Add the mustard seeds, curry leaves, hing whole red chillies & let it splutter for a few seconds.
Add the onions to this & fry till lightly brown.
Add this tempering to the sambhar & give it a boil.
Garnish with coriander leaves.
Serve with topi dosa, masala dosa, uttappa, medu vada, idlis, or with plain steamed rice.
Tips & Variations :
You may include any single vegetable of your choice or any combination of mixed vegetables to prepare the sambhar.
You may boil the mixed vegetables separately & then add to the boiled dal if you prefer firm veggies in your sambhar. (I like to boil along with the dal except drumsticks).
Addition of small sambhar shallots & drumsticks adds & enhances the flavor.
It is important to add molasses if available but jaggery will do. This imparts a unique taste of sweetness to the sambhar.

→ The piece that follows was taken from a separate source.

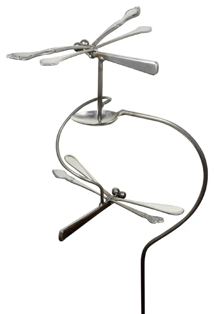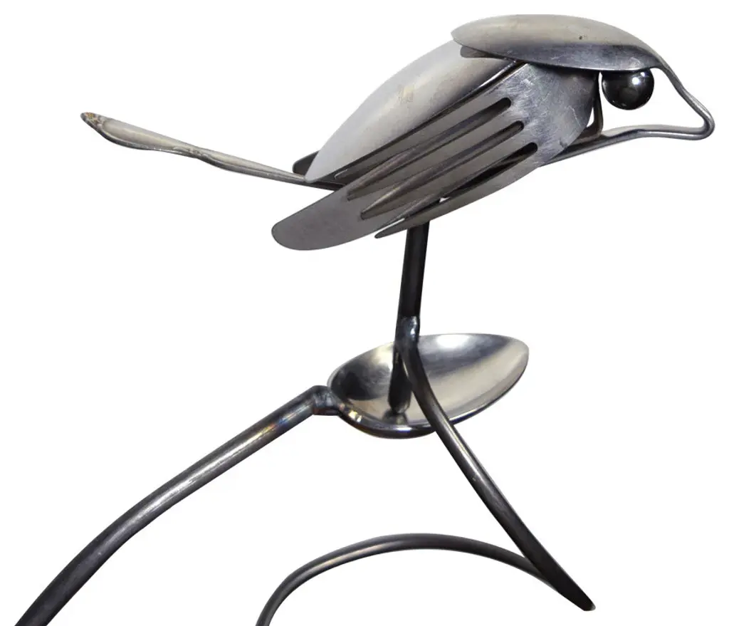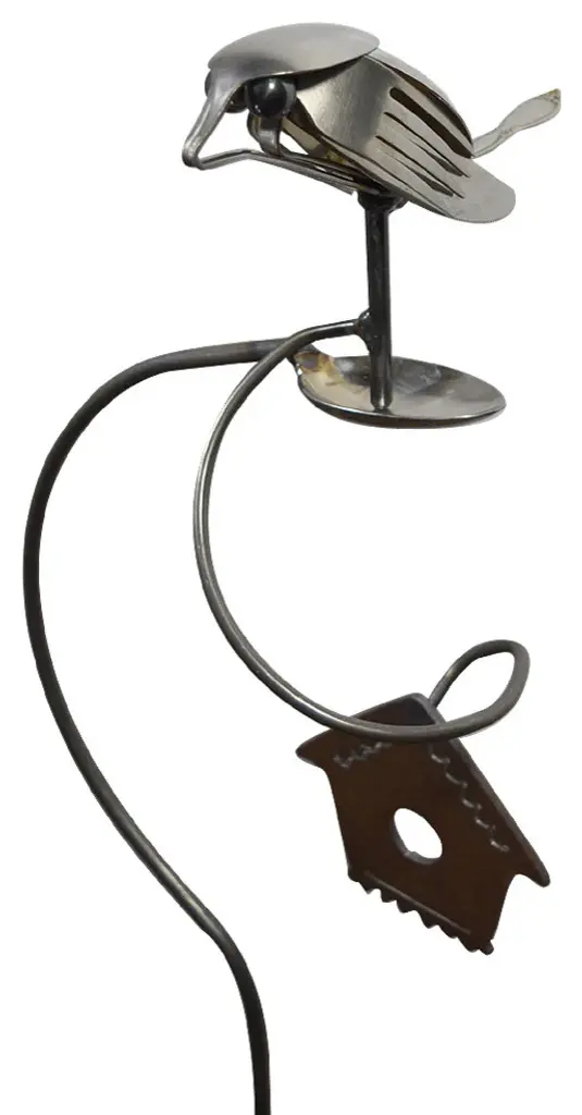 A fusion of industrial intelligence with artistic vision, vintage flatware finds a fabulous new home as an admirable addition to any outdoor area! Constructed by hand, forks, spoons, and knives take shape as a sweet little finch that gently rocks and sways in the wind. With the help of a spiral and sturdy counterweight in the shape of a birdhouse, the imaginative finch balances upon the inside of an outstretched spoon. Although the bird can be picked up, the inventive use of the spoon''s natural bowl shape prevents the finch from from falling off.Flatware finch includes a 35" steel stake that allows the balancing bird to peek above garden plants. Made by hand in the USA. Note: The stake, spiral and counterweight are crafted from raw steel. Once exposed to the outdoors, these elements will rust to create further contrast with the stainless steel flatware bird. Vintage flatware styles will vary slightly.

Sugar is optional but if adding tomatoes then it is necessary as it cuts the acidy in the tomatoes. Sugar also helps to add gloss to the sambhar.
Freshness of vegetables, spices & fresh curry leaves helps in retaining overall freshness & flavor of the sambhar. Try & use fresh ingredients.
Depending on tolerance of spice & tang you may adjust the chilli pwd. tamarind & tomatoes.
Tomatoes & Kashmiri Chillies help in bringing out the redness in the sambhar.
You may include a combination of dals to make it unique & tasty.
Coconut oil imparts a special flavor to the sambhar. If you are not comfortable with it then use cooking oil of your choice.